Picking at the Bedspread

Today’s Daily Prompt asked what bores me…

I hate knowing what happens next. I used to evaluate screenplays for movie studios, and at a rate of 10 per week, it got so that no plot twist could surprise me. That was a long time ago, but even now, gratitude wells up whenever a book or movie surprises me, even if I otherwise loathe the piece. One reason I loved the Harry Potter series was that in all those thousands of pages and hundreds of plot turns, there were only a scant few that I saw coming.

Curiously, although I prefer surprises and novelty, I have spent most of my life as a control freak. (Working on it! Working on it!) Perhaps as my aging memory worsens I will be able to have it all:  exert control, forget I exerted control, enjoy surprise at the events I caused to unfold.

Am I kidding? Control freaks never unfold events. Control freaks have only an illusion of control.

The predictable bores me, and I detest being bored. Being bored. Saying it that way suggests that an outside force imposes the boredom. In fact, whether I get bored or not depends on me. To cop a phrase from a recent movie trailer, boredom is a choice. If I’m bored, I should be able to redirect my attention or reconstruct my attitude and eliminate the boredom.

Which all sounds fine in theory. Routine repetition is the deal-breaker.

Typically I avoid that kind of boredom by tuning out and looking inward. This has some good consequences. For example, I tune out the mind-numbing repetition of brushing my teeth – day after frigging day – and while brushing my teeth I have excellent writing ideas. Moral of that story:  if your writing stalls out, brush your teeth.

I tune out while driving. I’ve lived and worked in the same places for several years so I long ago exhausted all the new ways to commute.  But the space-out can be too complete.  On my way to work and suddenly I come to and I don’t recognize where I am.  The adrenaline jolt certainly fights boredom, but the backtracking and rewinding do not start my day well.

I still remember the first time I experienced boredom. I was a kid, it was the dregs of summer, my friends were elsewhere. I lay on the floor of my room, picking at the bedspread, overwhelmed by there being absolutely nothing I felt like doing.  I don’t remember all that much about my childhood but that moment is indelible.

Do you remember the first time you were bored?

Do Grown-Ups Get Bored?

Childhood was long ago but I clearly remember the pain and horror of boredom. Nothing to do, no one to play with, can’t go outside, and so forth.

I can’t remember the last time I was bored (except at certain work meetings or airports). Have I learned to embrace the moment and appreciate every day? Or have I dropped my expectations?

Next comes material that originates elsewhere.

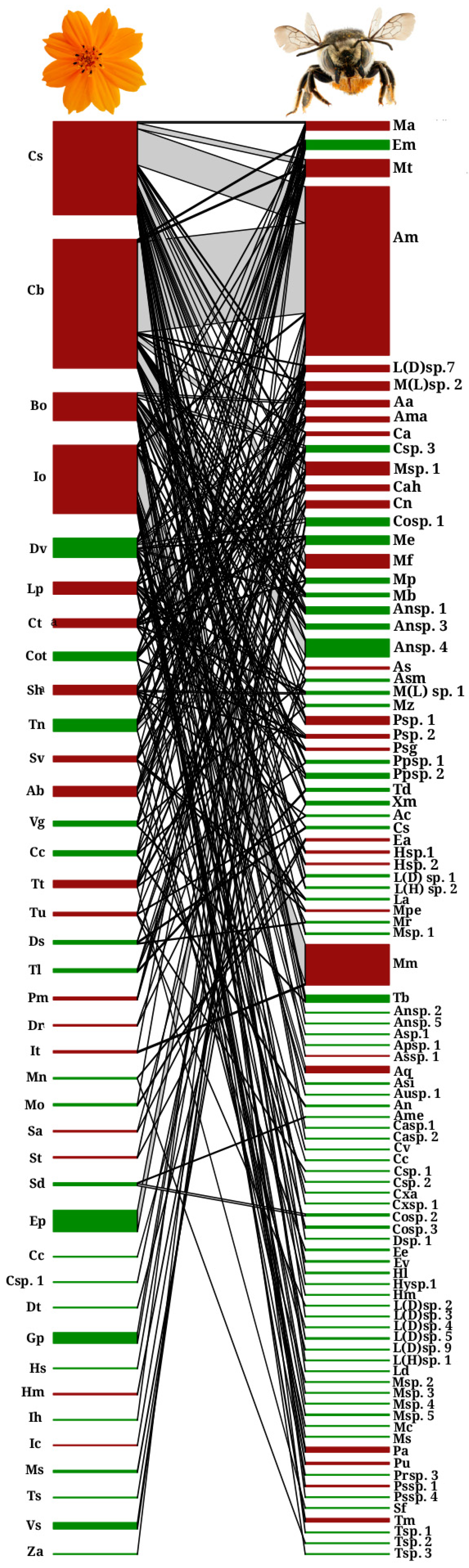 - Fontenla, J.L.; García, Y.F.; de Zayas, Á.Á.; Nápoles, N.R. Red de interacciones bipartitas de visitantes florales en Guanabo, Playas del Este, La Habana, Cuba. Poeyana 2023, 514, e514. [Google Scholar]

I no longer remember boredom but surely I must get bored. Tedious conversations and situations abound. I mean I drive in southern California, people. I must get bored but the boredom is no longer memorable.

Or maybe there’s a guilt component. I can’t be bored, I have too much to do.

Or maybe I remember childhood boredom because it was such a novelty. Maybe nowadays it is my status quo.

Maybe the boredom at work meetings is a key to understanding.  Maybe what underlies boredom are issues of choice and control. Surely I still stream boring movies, start boring books. But – ha and aha – nowadays I don’t have to finish them. And if the opening act is no good I can always go play with my phone  in the lobby.

I don’t seem to be coming to closure on this. How about for you? Are you more bored or less bored than you were 10 years ago? Than you were as a kid?